Entreri tore himself from the pull of the ruby and rubbed his eyes, amazed that even one as disciplined as he might be vulnerable to the gem’s insistent tug. He glanced into the corner of the small cabin, where Regis sat huddled and thoroughly miserable.
“I can now understand your desperation in stealing this jewel,” he said to the halfling.
Regis snapped out of his own meditation, surprised that Entreri had spoken to him—the first time since they had boarded the boat back in Waterdeep.
“And I know now why Pasha Pook is so desperate to get it back,” Entreri continued, as much to himself as to Regis.
Regis cocked his head to watch the assassin. Could the ruby pendant take even Artemis Entreri into its hold? “Truly it is a beautiful gem,” he offered hopefully, not quite knowing how to handle this uncharacteristic empathy from the cold assassin.
“Much more than a gemstone,” Entreri said absently, his eyes falling irresistibly back into the mystical swirl of the deceptive facets.
Regis recognized the calm visage of the assassin, for he himself had worn such a look when he had first studied Pook’s wonderful pendant. He had been a successful thief then, living a fine life in Calimport.
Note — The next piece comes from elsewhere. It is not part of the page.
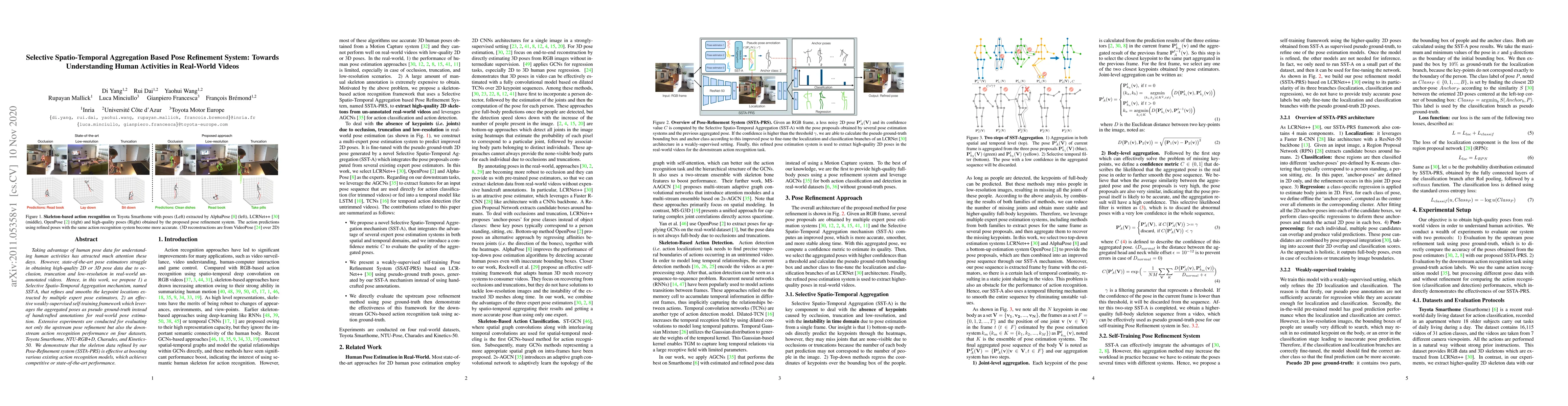 This paper proposes a Selective Spatio-Temporal Aggregation mechanism (SST-A) to refine and smooth keypoint locations from multiple pose estimators, and a self-training framework using aggregated poses as pseudo ground-truth for real-world pose estimation. The method achieves competitive action recognition performance on four datasets.
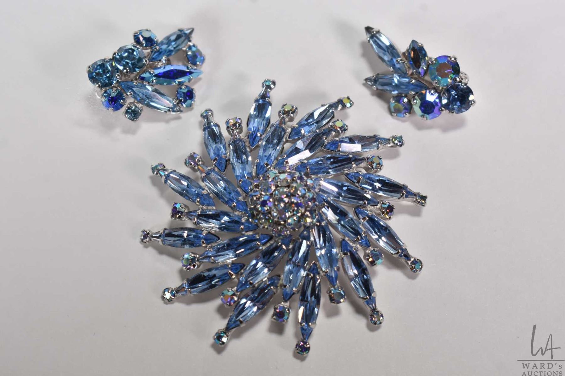 Vintage signed Sherman ice blue pinwheel like brooch and matching earrings

But the promises of that magical stone outweighed the comforts of the thieves’ guild. “Perhaps the pendant stole me,” he suggested on a sudden impulse.
But he had underestimated the willpower of Entreri. The assassin snapped a cold look at him, with a smirk clearly revealing that he knew where Regis was leading.
But the halfling, grabbing at whatever hope he could find, pressed on anyway. “The power of that pendant overcame me, I think. There could be no crime; I had little choice—”
Entreri’s sharp laugh cut him short. “You are a thief, or you are weak,” he snarled. “Either way you shall find no mercy in my heart. Either way you deserve the wrath of Pook!” He snapped the pendant up into his hand from the end of its golden chain and dropped it into his pouch.
Then he took out the other object, an onyx statuette intricately carved into the likeness of a panther.
“Tell me of this,” he instructed Regis.
Regis had wondered when Entreri would show some curiosity for the figurine. He had seen the assassin toying with it back at Garumn’s Gorge in Mithril Hall, teasing Drizzt from across the chasm. But until this moment, that was the last Regis had seen of Guenhwyvar, the magical panther.
Regis shrugged helplessly.
“I’ll not ask again,” Entreri threatened, and that icy certainty of doom, the inescapable aura of dread that all of Artemis Entreri’s victims came to know well, fell over Regis once more.
“It is the Drow’s,” Regis stammered. “Its name is Guen—” Regis caught the word in his mouth as Entreri’s free hand suddenly snapped out a jeweled dagger, readied for a throw.
“Calling an ally?” Entreri asked wickedly. He dropped the statuette back into his pocket. “I know the beast’s name, halfling. And I assure you, by the time the cat arrived, you would be dead.”